I know that $P_5 \cong Z_5$ and $P_2 \cong Z_2$, right? But I'm not sure what $P_3$ is isomorphic to, because we cannot necessarily conclude that it is cyclic...since it might have $4$ different elements of order $3$.

So when I'm looking at the different cases for the semidirect products (for example if I look at the case when all of the sylow subgroups are normal), I will just say $G \cong P_3 \times Z_{10}$, right?

I am just asking to make sure if I'm doing it correctly (for this specific case).

Thanks in advance

Answer 1

Here are some hints to help along:

1. There is a normal subgroup of index 2 (use the regular representation, and look for an odd permutation).
2. All groups of order 45 are abelian (use Sylow's theorems, and the fact groups of order $p^2$ are abelian).
3. Your group is a semidirect product of a group of order 45 and one of order 2.
4. Consider the possible order-2 actions on an abelian group of order 45 (call it H). There are 2⋅2 possible actions when H is cyclic, and 2⋅3 when H is noncyclic. [To see this, decompose $H$ as a direct product, remembering it is abelian.]

Thus there are 4+6=10 possible groups.
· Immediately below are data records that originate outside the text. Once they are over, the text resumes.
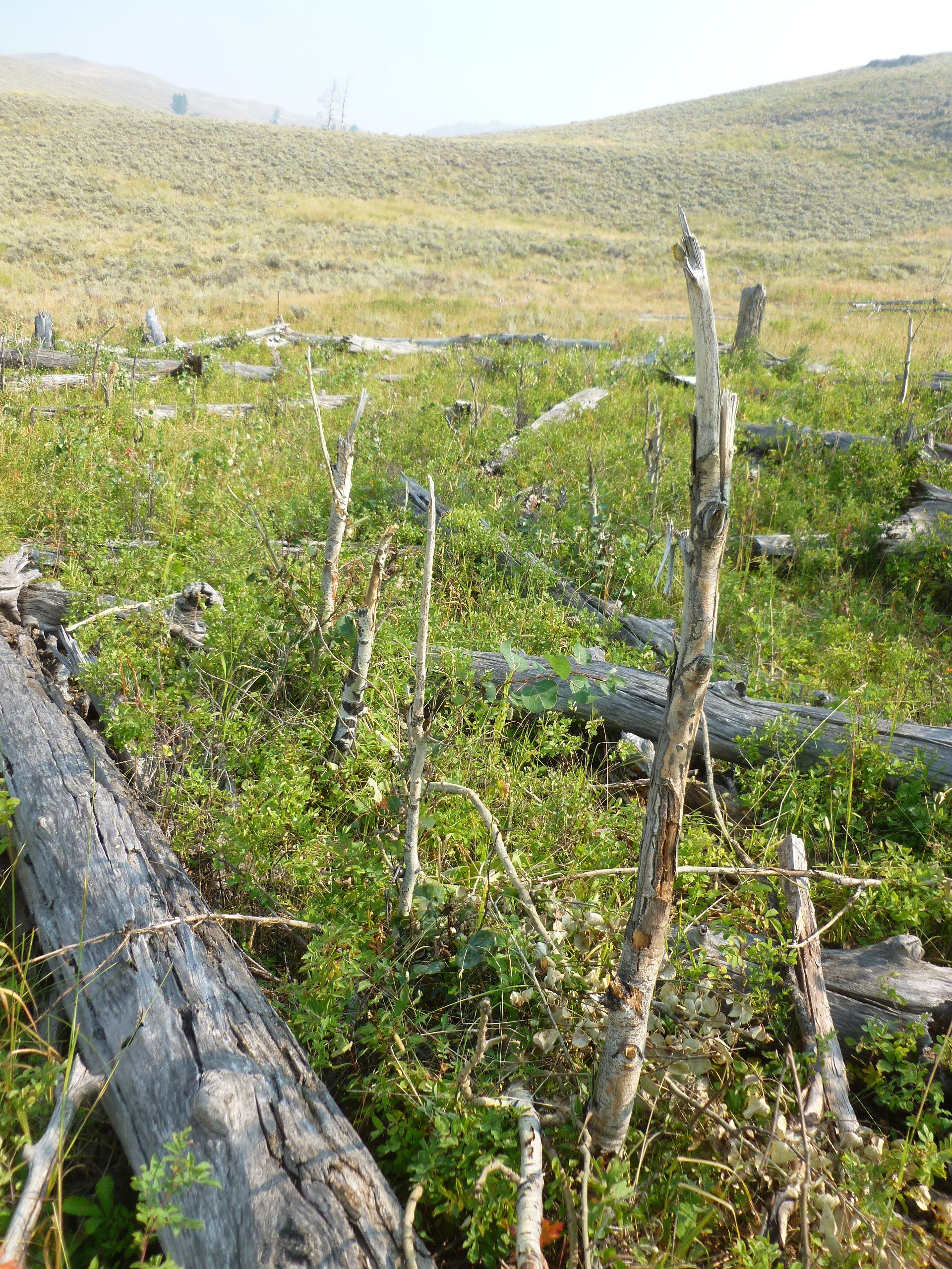 Painter and OSU College of Forestry collaborators Robert Beschta and William Ripple examined a random sampling of plots in 87 randomly selected aspen stands, and 18% of saplings had been broken. They may resprout from their base, but the sapling height has been lost and new sprouts are vulnerable to being eaten by bison or other herbivores, the researchers note.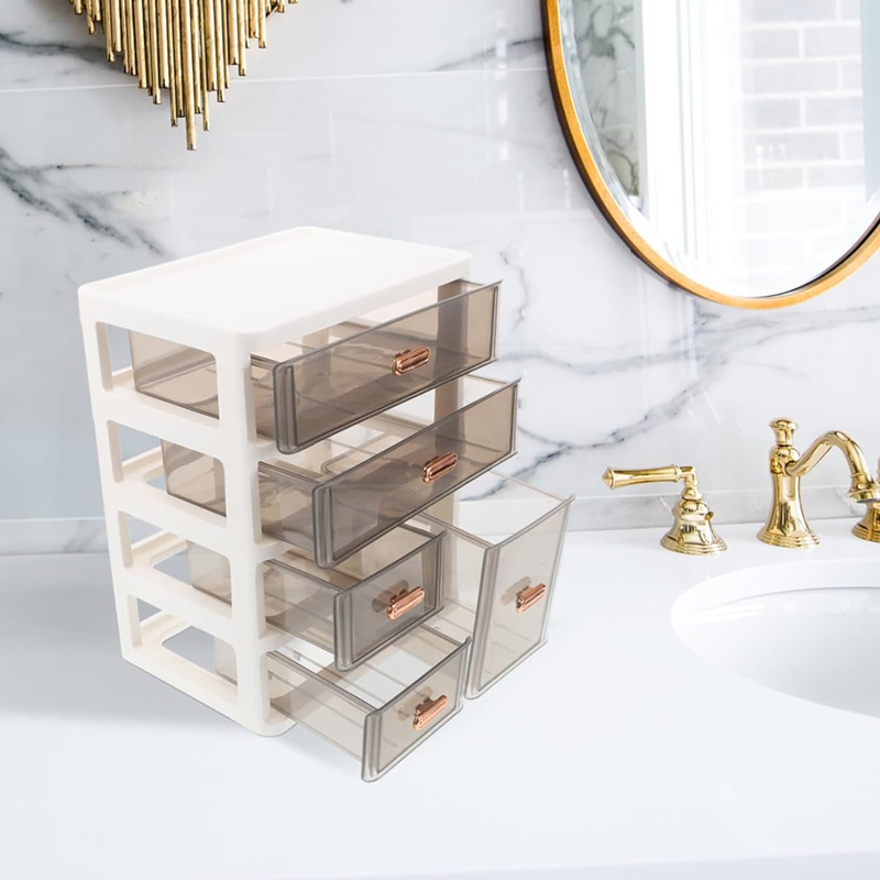 • Storage Cabinet Drawers Plastic Desktop Organizer Makeup Vanity Organizer Desk Countertop Storage Unit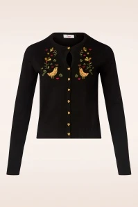 Comfort and style go hand in hand! This cardigan is made of a supple and stretchy, black viscose blend with pretty embroidered detailing.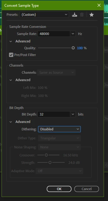 The mixed-down WAV, when opened in Audition sounds perfect… in Audition, however if you test the music on a different player (Media Player, Itunes player, Edge player, Google player, stereo, car stereo, etc) it sounds wildly different (not just slightly different) – with maddeningly variable results.

It is fairly easy to show all are distinct.

Answer 2

Some ideas:

Let $\,G\,$ be a group with $\;|G|=90=2\cdot3^2\cdot5\;$ , $\,n_p:=\,$ be the number of Sylow $\,p$-subgroups of $\,G\,$. We denote by $\,P_p, Q_p, R_p\,$ , etc., the different Sylow $\,p$-subgroups:

$$[G:N_G(P_3)]=n_3\in\{1\,,\,10\}$$

Denote $\,M:=P_3\cap Q_3\,$ , and since $\,|M|=1\,,\,3\;$ (why can't this be $\,9\,$ ?) , we get

$$|P_3Q_3|=\frac{|P_3|\,|Q_3|}{|M|}=\frac{81}{|M|}\ge\frac{81}{3}=27$$

so by Lagrange's theorem, $\,|\langle P_3\,,\,Q_3\rangle|=45\,,\,90\,$ (why cannot this be $\,30\,$?) :

$$(i)\;\;\;\;\;|\langle P_3\,,\,Q_3\rangle|=45\implies [G:\langle P_3\,,\,Q_3\rangle]=2\implies \langle P_3\,,\,Q_3\rangle\lhd G$$

$$(ii)\;\;\;\;\;|\langle P_3\,,\,Q_3\rangle|=90\implies M\lhd P_3\,,\,Q_3 \;\;(\text{why?})\implies M\lhd\langle P_3,Q_3\rangle=G$$

So we already have that a group of order $\,90\,$ cannot be simple, but not only that: both $\,P_3\,,\,Q_3\lhd\langle P_3\,,\,Q_3\rangle\,$ and from here we get that in case (i) there's one single Sylow $\,3$-subgroup which is then normal.

Fill in details and try to take it from here at least for some cases.